4.   Modern theories:-
Nineteenth-Century:-
The decline of Natural Law theories:-
                                                        The 19th century saw the decline of natural law, the natural law theories reflected more or less the great economic and political changes which had taken place in Europe. Reason or rationalism was the spirit of eighteenth-century thought. The problems created by new changes and developments demanded political and concrete solutions. Individualism gave rise to a collective view, modern science and political theories began to propagate that there are no absolute and immutable principles. Many historians rejected the social contract theory, saying it was a myth. All these factors gave natural law a strong shock.

Twentieth Century:-
The revival of Natural law theories
During the end of the 19th century, we saw the revival of natural law theories mainly for the following reasons:
a.   It emerged as a backlash against legal theories that exaggerated the importance of positive law.
b.   It was felt that abstract thinking was not completely redundant.
c.   Positivist theories failed to solve problems created by changed social conditions.
d.   It also led to the revival of the ideologies of fascism and natural law theories, because at that time during the two world wars, the world witnessed the great destruction of human life and property and the principles of natural law were approached to achieve peace.

Conclusion:-
                        A special study of the principles of natural law reveals one thing that the concept of natural law has changed from time to time.

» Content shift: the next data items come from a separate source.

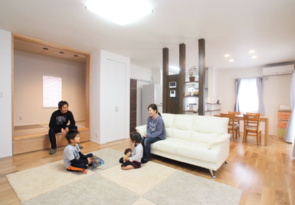 「企画住宅ではなく、自分らしい家」を模索されていたHさん。イメージしていたのは、奇抜なものでもクールなものでもなく、自分にとっての寛ぎがあるモダンスタイルの住まいだ。LDKは、飾り棚も付いたデザイン柱で仕切っただけのワンフロア。水廻りはキッチン奥に配置され、家事動線もいたってコンパクトにまとめられていた。以前のお住まいが「とにかく寒かった」ことから、新居には〝暖かさ〟も求めたといい、ウレタン吹付断熱を採用して高い断熱性を確保。24時間計画換気システムと、冬暖く夏涼しい床下地中熱を利用し室内に空気循環させる床下設置型第1種セントラル換気システムも搭載して、温度差もなくどこにいても快適な室内環境を手にされていた。
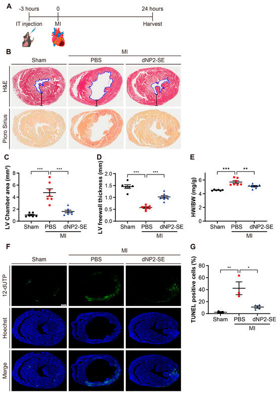Delivery of dNP2-SE via IT injection exerts cardio-protective effects upon MI. (A) Experimental scheme. A total of 200 nmol dNP2-SE or PBS was delivered via IT injection to adult (9-week-old) C57/Bl6 mice. MI was induced by LAD ligation 3 h post-injection. Hearts were harvested and analyzed 24 h post-MI. (B) Hearts were sectioned and stained with hematoxylin and eosin (H&E) or Picro Sirius Red. Representative images are shown. The LV chamber area was traced (shown in blue lines) and quantitated. The thickness of the LV free wall was also measured (shown in straight black lines). (C,D) LV chamber area and LV free wall thickness are presented as a graph. n = 6~7 per group; one-way ANOVA; *** p < 0.001. Bar represents the mean ±SEM. (E) HW/BW ratio was measured and shown. n = 6~7 per group; one-way ANOVA; ** p < 0.01, *** p < 0.001. Bar represents the mean ±SEM. (F) TUNEL staining of the heart sections was performed using the DeadEnd Fluorometric TUNEL System. Apoptotic DNA fragmentation was labeled with fluorescein-12-dUTP (green). Nuclei were stained with Hoechst 33342 (blue). Representative images are shown. (G) TUNEL-positive cells and the nucleus in the LV free wall areas were counted, and the ratio of TUNEL-positive cells is shown. n = 3~4 per group; one-way ANOVA; * p < 0.05, ** p < 0.01. Bar represents the mean ± SEM.
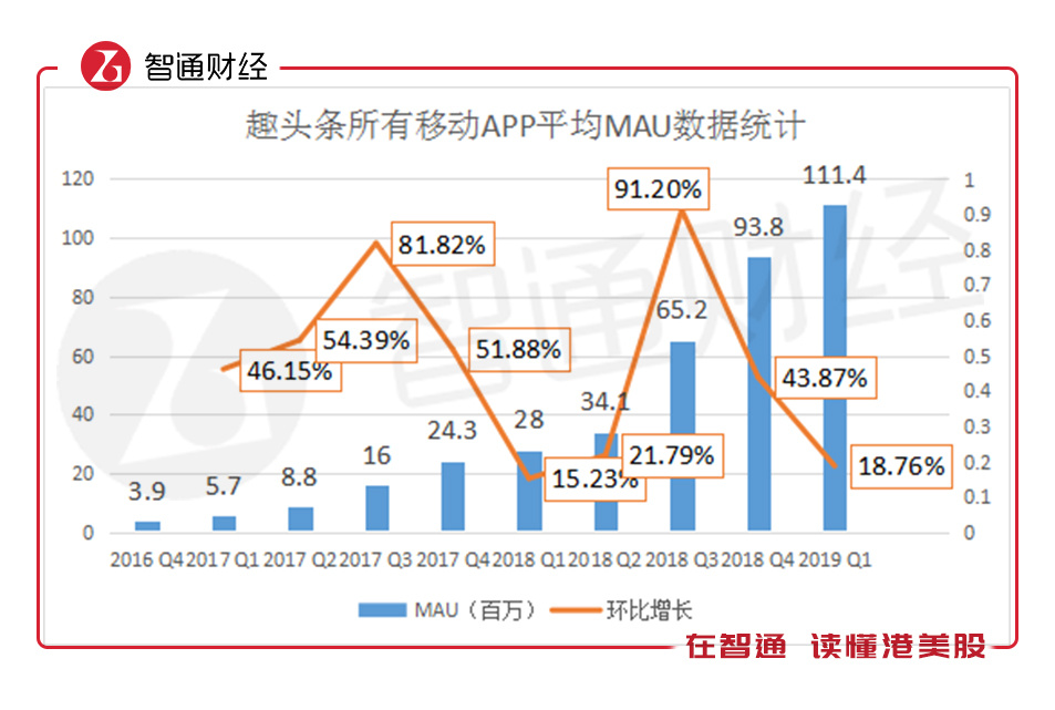 从所有移动应用的平均MAU(月活跃用户数)数据看,趣头条的用户仍保持着快速增长。2019年一季度时,平均MAU突破1亿大关,同比增长297.4%,环比增长18.76%。
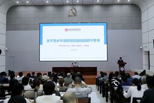 为进一步深化对高水平高职院校建设的认识,进一步加强内涵建设。4月25日下午,“德珩大讲堂”邀请原深圳职业技术大学党委委员、副校长、二级教授温希东作题为《关于高水平高职院校建设的若干思考》的专题讲座。党委书记熊颖及在家校领导班子成员,副科级及以上领导干部,全体教研室负责人,专业带头人和骨干教师、学生代表等近380人聆听了讲座,讲座由校党委副书记、校长汤泾洪主持。
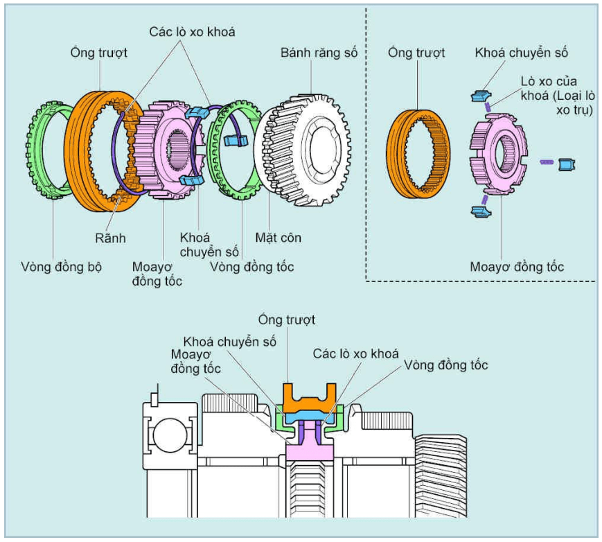Nằm giữa hai bánh răng khác nhau, có một moay ơ đồng tốc (xem hình trên) gắn kết chúng. Ví dụ, moay ơ giữa bánh răng thứ nhất và bánh răng thứ hai, và moay ơ giữa bánh răng thứ ba và bánh răng thứ tư…
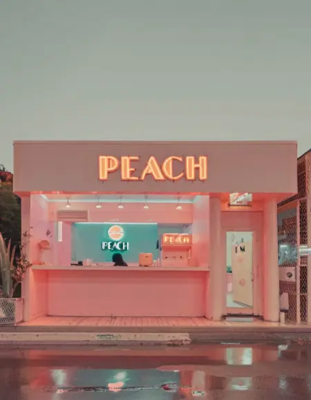 一张商店门面,带有写着“peach”的霓虹灯招牌的图片,采用franck-bohbot风格
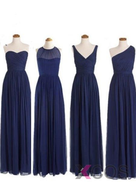 Simple Dress Elegant A-line Floor Length Chiffon Royal Blue Bridesmaid/Prom Dress With Ruched
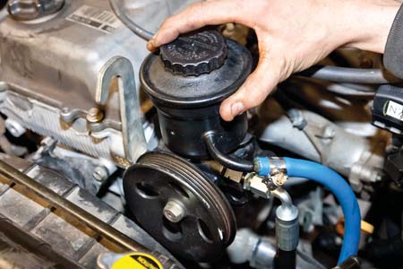 9. Make sure all lines are tight and secure, fill with power steering fluid.
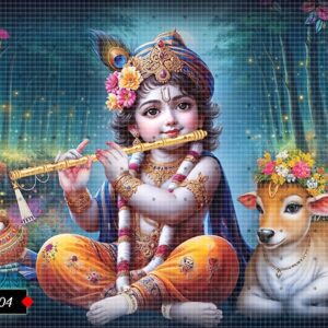 This mesmerizing image of Bal Krishna radiates joy, purity, and love. His divine innocence and peaceful gaze make this poster a beautiful symbol of faith and spiritual calm.
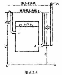 设一封闭容器如图6-2-6所示,液面压强p0。若在容器壁上任意取A、B两点,并接上开口的玻璃管(称测压管),则测压管内的液面离基准面的高度都由位置高度z和压强高度p/ρg两部分组成。在工程中常用“水头”代表高度,所以z称位置水头,p/ρg称压强水头,z+p/ρg 称测压管水头,从图中可以看出
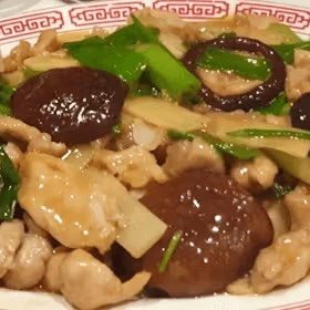Diced chicken sautéed with black mushrooms, bamboo shoots, and green onions
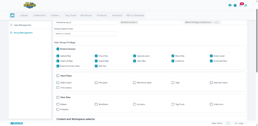 - On the same screen, user privileges are shown under User Group, View Filters, Asset Detail Page, and View Tabs.
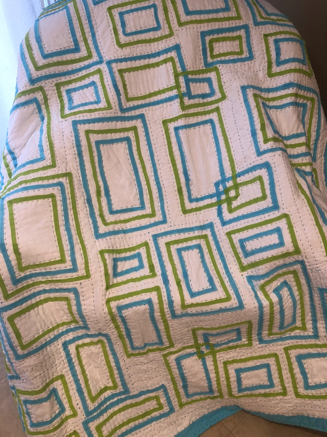 Beautiful handmade Kantha quilt. Features a vibrant geometric pattern in shades of blue and green. Soft cotton fabric. Perfect for adding a touch of colour and warmth to any room.

It has been used to support almost every ideology whether it is absolutism or individualism. It has also inspired various revolutions. Natural law has also influenced the development of positive law. The study of law will be incomplete if it fails to meet its ends, with natural law principles focused on achieving the ends of the law. Hence it can be said that natural law principles are embedded in the legal system of almost every country.

In India the constitution gives certain fundamental rights like the right to life, right to equality etc, all these rights are also based on the principles of natural law, not only this the principle of natural justice is also based on the principles of natural law. In the end, it could be said that the natural school of law has made a great contribution to the legal jurisprudence of the world including India.